Fatty acid composition was determined with Crocinitomix catalasitica cultivated to confluence on MA2216, and strain RW262T cultivated on the equivalent of MA2216 but without NaCl (g l–1: 5 peptone, 1 yeast extract, 0·5 CaCl2.2H2O and 0·5 MgSO4.7H2O). Strains were grown at 20 °C for 72 h, harvested in PBS (Sigma) and freeze-dried. Fatty acid analyses followed the procedure described in the Microbial Identification System protocol (MIDI; http://www.midi-inc.com), and therefore represent the whole fatty acid composition of the cell hydrolysate. More-detailed analyses with other methods (Serrano-Carreon et al., 1992) showed no significant difference between hydrolysate fatty acid and phospholipid-derived fatty acid (PLFA) compositions, indicating that most fatty acids were derived from PLFAs.

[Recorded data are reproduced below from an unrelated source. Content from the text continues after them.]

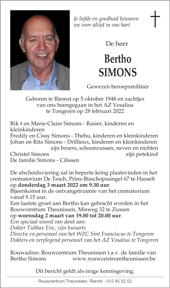 Décédé à Tongeren (3700) le lundi 28 février 2022 à l'âge de 73 ans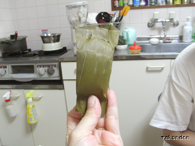 ミキは・・・甘酒って言うよりオモユ。イメージですけど、障子糊みたいな感じ??(笑)かしゃ餅は、うちの母も「ちまき~」って言ってなぁ。うん。・・そんな感じですね。でも・・ゴザ(イグサじゃなくて完成品のゴザの方)の匂いがすると思った。何でかなぁ・・・外側がやっぱり笹じゃないのかも。(でか過ぎるもんね。)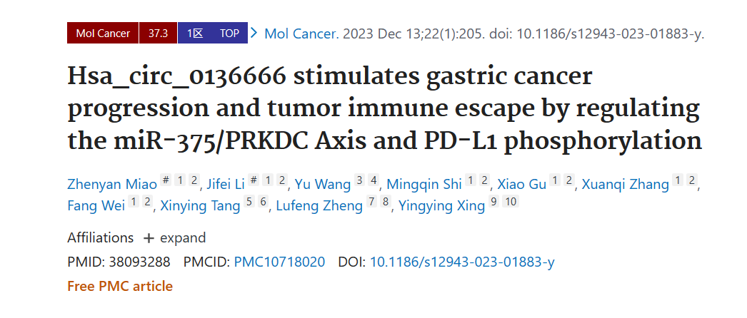 标题:Hsa_circ_0136666 stimulates gastric cancer progression and tumor immune escape by regulating the miR-375/PRKDC Axis and PD-L1 phosphorylation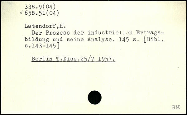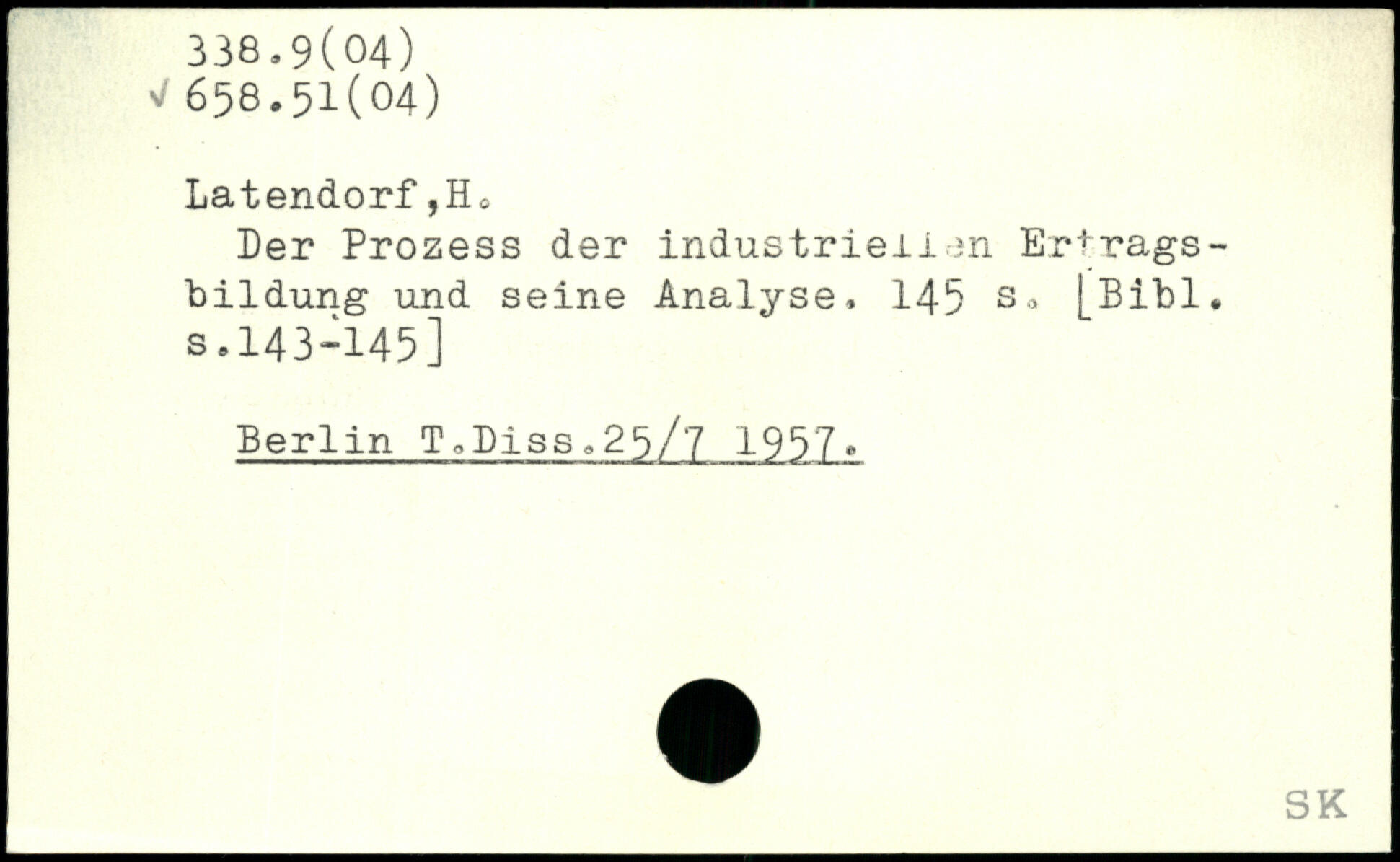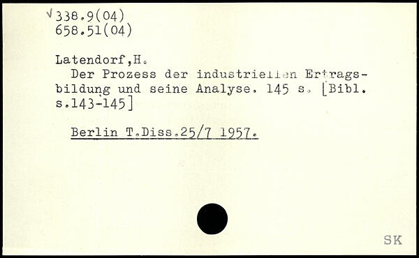 Der Prozess der industriellen Ertrags-bildung und seine Analyse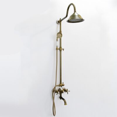 Душевая стойка Bronze — это набор, который состоит из ручной лейки, верхнего душа, смесителя, излива и штанги-трубы. Штанга монтируется на стену с помощью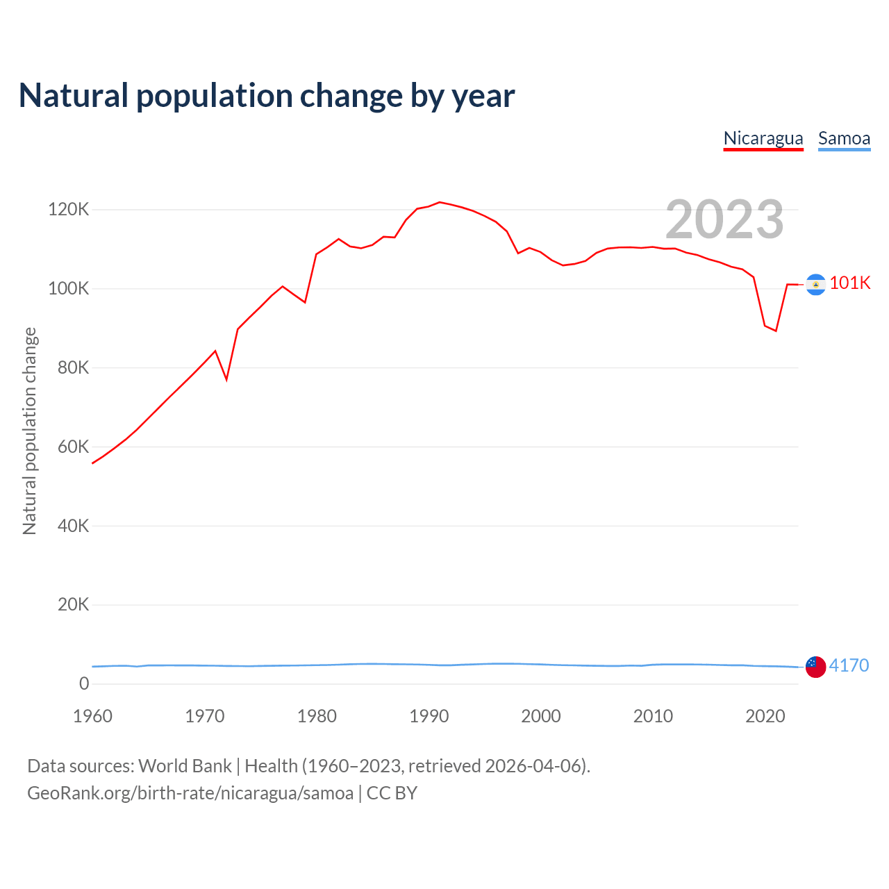 Nicaragua has an annual birth rate of 19.4 births per 1,000 people, compared to 25.4 for Samoa. The average number of children a woman is expected to have during her lifetime — the fertility rate, is 2.22 in Nicaragua and 3.83 in Samoa — 72.6% difference.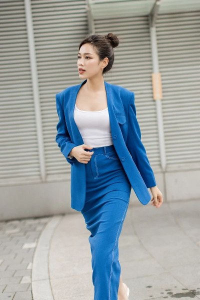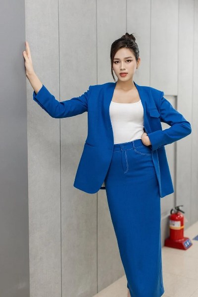 Đỗ Thị Hà cũng không ngại thể hiện vẻ đẹp quyền lực, chuyên nghiệp với áo vest xanh kết hợp chân váy bút chì cùng tông màu.

The DNA base composition of strain RW262T was determined at the German Collection of Microorganisms and Cell Cultures (DSMZ; Braunschweig, Germany). DNA was isolated using a French pressure cell (Thermo Spectronic) and purified (Cashion et al., 1977). The G+C content was determined by HPLC (Mesbah et al., 1989). The 16S rRNA gene of strain RW262T was PCR amplified (O'Sullivan et al., 2004) from a small amount of purified colony biomass by using two sets of primers (27F, 1392R and 27F, 1492R; Lane, 1991). The PCR product obtained using primers 27F and 1392R was purified and sequenced (O'Sullivan et al., 2004), and the product obtained with primers 27F and 1492R was cloned by using the TOPO TA system (Invitrogen) and sequenced with primers M13F and M13R (O'Sullivan et al., 2002). A consensus from six overlapping sequences was compared with those most similar to RW262T in the GenBank database, including representative type strains from four families of the phylum ‘Bacteroidetes’. The CLUSTAL W alignment (Thompson et al., 1994) was trimmed to 1300 bp, evolutionary distances were calculated and a phylogenetic tree was constructed (O'Sullivan et al., 2004).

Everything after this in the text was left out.